▸ **Task instructions**:
Among the lines of the listing below, retype exactly those from the one containing "GE Profile clearview" through the one containing "Then, add in", both included. Do not include pictures.

── Data for this task

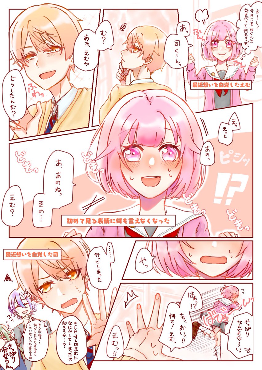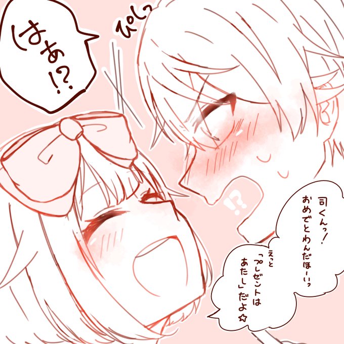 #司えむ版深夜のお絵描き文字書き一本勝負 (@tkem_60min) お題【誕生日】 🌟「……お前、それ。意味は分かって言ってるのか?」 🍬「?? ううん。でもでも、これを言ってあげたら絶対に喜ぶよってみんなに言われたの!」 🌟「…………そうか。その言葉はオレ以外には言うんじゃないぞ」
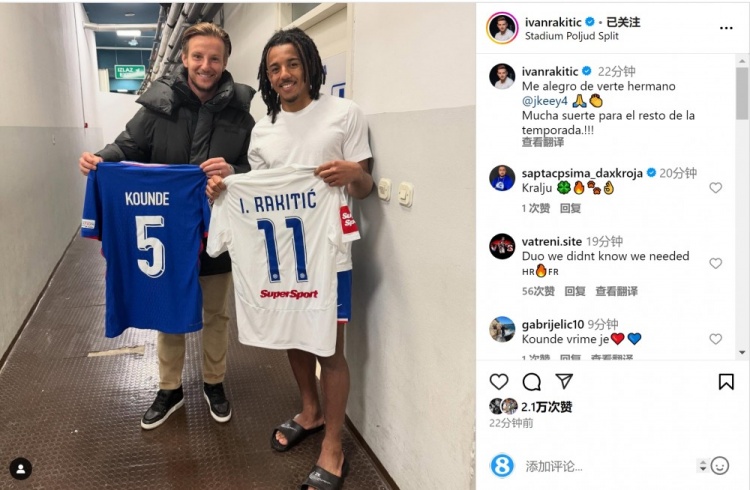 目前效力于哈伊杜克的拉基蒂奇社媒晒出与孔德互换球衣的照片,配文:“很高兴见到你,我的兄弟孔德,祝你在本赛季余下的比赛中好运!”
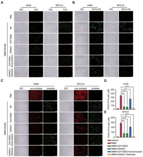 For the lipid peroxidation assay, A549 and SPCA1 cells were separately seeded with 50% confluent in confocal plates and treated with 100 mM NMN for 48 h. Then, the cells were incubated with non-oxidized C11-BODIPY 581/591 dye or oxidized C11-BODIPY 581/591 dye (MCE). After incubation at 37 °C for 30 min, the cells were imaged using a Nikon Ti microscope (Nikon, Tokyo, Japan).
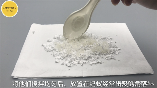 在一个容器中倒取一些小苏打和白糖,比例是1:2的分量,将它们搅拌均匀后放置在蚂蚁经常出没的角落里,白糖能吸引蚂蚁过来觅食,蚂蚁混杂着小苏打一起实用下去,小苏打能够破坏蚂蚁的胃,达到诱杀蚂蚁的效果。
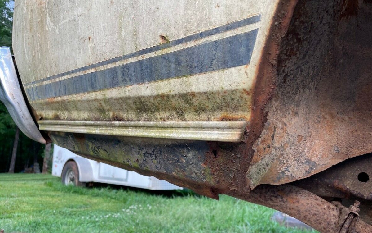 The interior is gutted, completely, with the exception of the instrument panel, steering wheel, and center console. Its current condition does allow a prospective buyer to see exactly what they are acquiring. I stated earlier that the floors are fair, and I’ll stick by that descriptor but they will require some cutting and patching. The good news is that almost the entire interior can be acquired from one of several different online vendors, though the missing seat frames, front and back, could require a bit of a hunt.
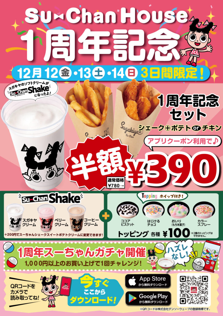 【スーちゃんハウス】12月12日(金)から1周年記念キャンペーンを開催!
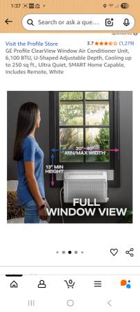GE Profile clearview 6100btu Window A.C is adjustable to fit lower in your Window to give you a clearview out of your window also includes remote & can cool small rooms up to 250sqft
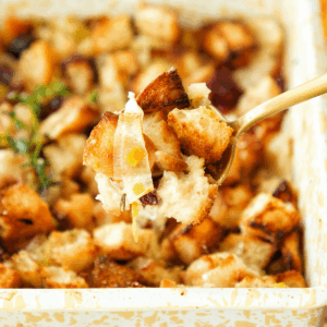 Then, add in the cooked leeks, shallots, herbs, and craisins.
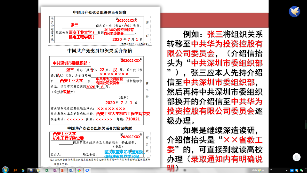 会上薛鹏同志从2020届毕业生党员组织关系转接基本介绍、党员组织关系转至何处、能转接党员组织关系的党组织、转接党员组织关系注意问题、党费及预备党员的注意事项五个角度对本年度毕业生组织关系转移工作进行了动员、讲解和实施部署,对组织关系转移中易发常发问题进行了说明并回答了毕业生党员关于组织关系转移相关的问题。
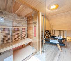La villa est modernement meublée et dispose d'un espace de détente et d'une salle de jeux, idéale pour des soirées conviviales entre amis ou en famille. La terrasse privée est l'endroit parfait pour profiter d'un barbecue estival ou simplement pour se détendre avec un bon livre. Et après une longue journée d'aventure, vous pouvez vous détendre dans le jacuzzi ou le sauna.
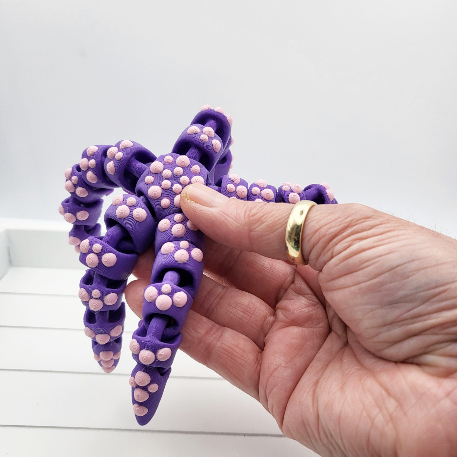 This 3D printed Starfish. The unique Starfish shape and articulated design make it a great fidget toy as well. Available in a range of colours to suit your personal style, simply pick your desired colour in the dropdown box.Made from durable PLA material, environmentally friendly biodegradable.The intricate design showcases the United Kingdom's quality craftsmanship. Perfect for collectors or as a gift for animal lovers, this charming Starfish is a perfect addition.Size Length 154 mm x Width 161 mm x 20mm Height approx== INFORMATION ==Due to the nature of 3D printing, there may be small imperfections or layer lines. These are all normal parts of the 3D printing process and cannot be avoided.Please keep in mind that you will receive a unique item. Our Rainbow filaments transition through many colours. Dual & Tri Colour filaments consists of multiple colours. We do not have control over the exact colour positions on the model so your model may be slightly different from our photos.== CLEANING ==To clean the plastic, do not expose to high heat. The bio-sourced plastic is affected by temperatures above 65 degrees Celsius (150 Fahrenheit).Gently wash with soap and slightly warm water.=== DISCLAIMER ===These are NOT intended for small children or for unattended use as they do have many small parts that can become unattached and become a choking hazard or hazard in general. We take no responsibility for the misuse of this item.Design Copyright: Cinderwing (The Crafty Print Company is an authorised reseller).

────

▸ **Answer section**:
GE Profile clearview 6100btu Window A.C is adjustable to fit lower in your Window to give you a clearview out of your window also includes remote & can cool small rooms up to 250sqft
 Then, add in the cooked leeks, shallots, herbs, and craisins.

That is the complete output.